## Material provided
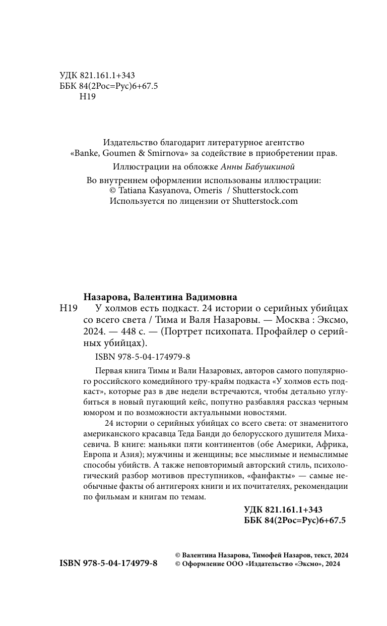 У холмов есть подкаст. 24 истории о серийных убийцах со всего света (Назарова Валентина Вадимовна, Назаров Тимофей Вадимович); Эксмо, 2024
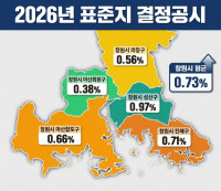 [times창원]창원특례시(시장 권한대행 장금용)는 2026년 표준지 공시지가가 전년 대비 평균 0.73% 상승했다고 밝혔다. 이는 전국 평균 상승률인 3.35%와 경상남도 평균 상승률 1.16%에 비해 낮은 수치로, 창원시의 지가 변동폭이 상대적으로 안정세를 유지하고 있는 것으로 나타났다.   이번 공시지가는 국토교통부의 「2026년 부동산 ...
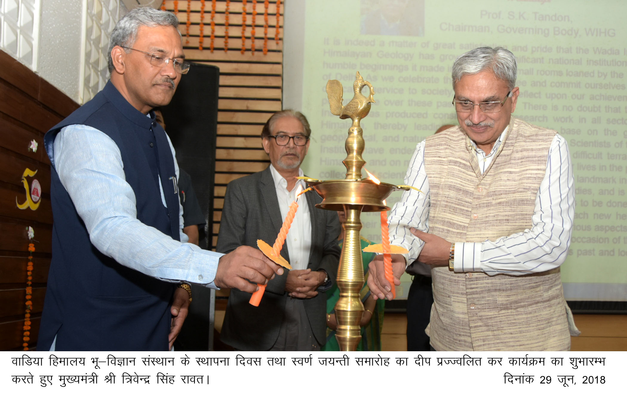 - मुख्यमंत्री श्री त्रिवेन्द्र सिंह रावत ने वाडिया हिमालय भूविज्ञान संस्थान के स्वर्ण जयंती समारोह में प्रतिभाग किया।
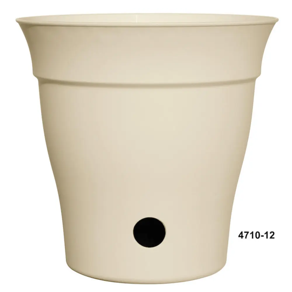 Contempra self-watering round planter, sleek design with a matte textured finish, water reservoir and exterior hole to monitor water level. Made in Canada with recyclable and non-toxic thermoplastic, U.V. protected. DCN products are available for fall booking, inventory is restocked once yearly.

## Task objective
Take the listing and print it again exactly, but without any pictures.

## Answer area
 У холмов есть подкаст. 24 истории о серийных убийцах со всего света (Назарова Валентина Вадимовна, Назаров Тимофей Вадимович); Эксмо, 2024
 [times창원]창원특례시(시장 권한대행 장금용)는 2026년 표준지 공시지가가 전년 대비 평균 0.73% 상승했다고 밝혔다. 이는 전국 평균 상승률인 3.35%와 경상남도 평균 상승률 1.16%에 비해 낮은 수치로, 창원시의 지가 변동폭이 상대적으로 안정세를 유지하고 있는 것으로 나타났다.   이번 공시지가는 국토교통부의 「2026년 부동산 ...
 - मुख्यमंत्री श्री त्रिवेन्द्र सिंह रावत ने वाडिया हिमालय भूविज्ञान संस्थान के स्वर्ण जयंती समारोह में प्रतिभाग किया।
 Contempra self-watering round planter, sleek design with a matte textured finish, water reservoir and exterior hole to monitor water level. Made in Canada with recyclable and non-toxic thermoplastic, U.V. protected. DCN products are available for fall booking, inventory is restocked once yearly.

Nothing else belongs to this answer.